PROMPT – Span requested from the data below: the line with "At the same" through the line with "The humanitarian group", both included. Give only these lines again, exactly, and leave every picture out.

PROVIDED DATA –
***
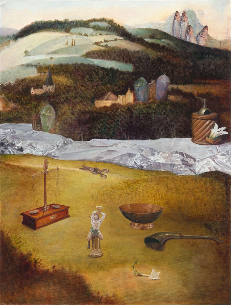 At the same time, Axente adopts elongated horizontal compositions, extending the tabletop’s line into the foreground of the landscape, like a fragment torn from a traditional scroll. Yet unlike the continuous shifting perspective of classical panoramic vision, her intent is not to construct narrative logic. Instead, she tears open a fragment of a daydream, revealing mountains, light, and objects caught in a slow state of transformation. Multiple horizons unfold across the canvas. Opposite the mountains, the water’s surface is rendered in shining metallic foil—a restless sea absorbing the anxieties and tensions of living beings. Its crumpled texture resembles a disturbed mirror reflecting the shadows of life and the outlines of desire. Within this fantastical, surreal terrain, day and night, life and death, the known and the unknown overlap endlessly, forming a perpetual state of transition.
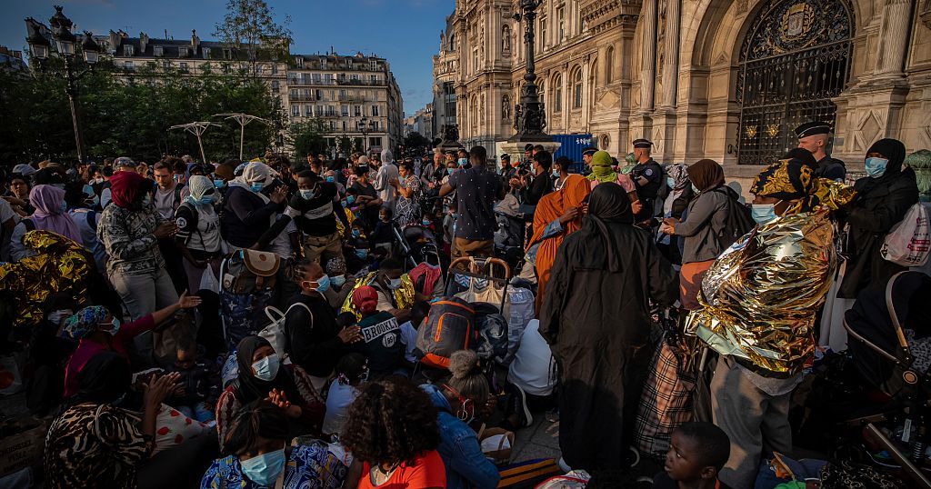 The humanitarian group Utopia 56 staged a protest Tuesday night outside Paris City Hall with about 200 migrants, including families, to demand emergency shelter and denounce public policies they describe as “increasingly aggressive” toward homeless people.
***
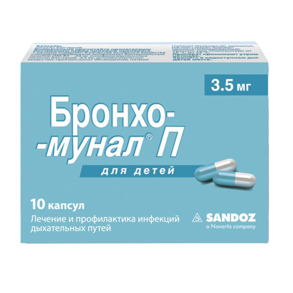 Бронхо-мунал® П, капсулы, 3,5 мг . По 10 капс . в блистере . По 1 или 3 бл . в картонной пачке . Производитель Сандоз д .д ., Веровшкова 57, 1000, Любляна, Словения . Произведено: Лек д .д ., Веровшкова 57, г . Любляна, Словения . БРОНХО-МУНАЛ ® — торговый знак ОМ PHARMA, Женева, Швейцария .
***
OUTPUT FOR THIS EXERCISE –
 At the same time, Axente adopts elongated horizontal compositions, extending the tabletop’s line into the foreground of the landscape, like a fragment torn from a traditional scroll. Yet unlike the continuous shifting perspective of classical panoramic vision, her intent is not to construct narrative logic. Instead, she tears open a fragment of a daydream, revealing mountains, light, and objects caught in a slow state of transformation. Multiple horizons unfold across the canvas. Opposite the mountains, the water’s surface is rendered in shining metallic foil—a restless sea absorbing the anxieties and tensions of living beings. Its crumpled texture resembles a disturbed mirror reflecting the shadows of life and the outlines of desire. Within this fantastical, surreal terrain, day and night, life and death, the known and the unknown overlap endlessly, forming a perpetual state of transition.
 The humanitarian group Utopia 56 staged a protest Tuesday night outside Paris City Hall with about 200 migrants, including families, to demand emergency shelter and denounce public policies they describe as “increasingly aggressive” toward homeless people.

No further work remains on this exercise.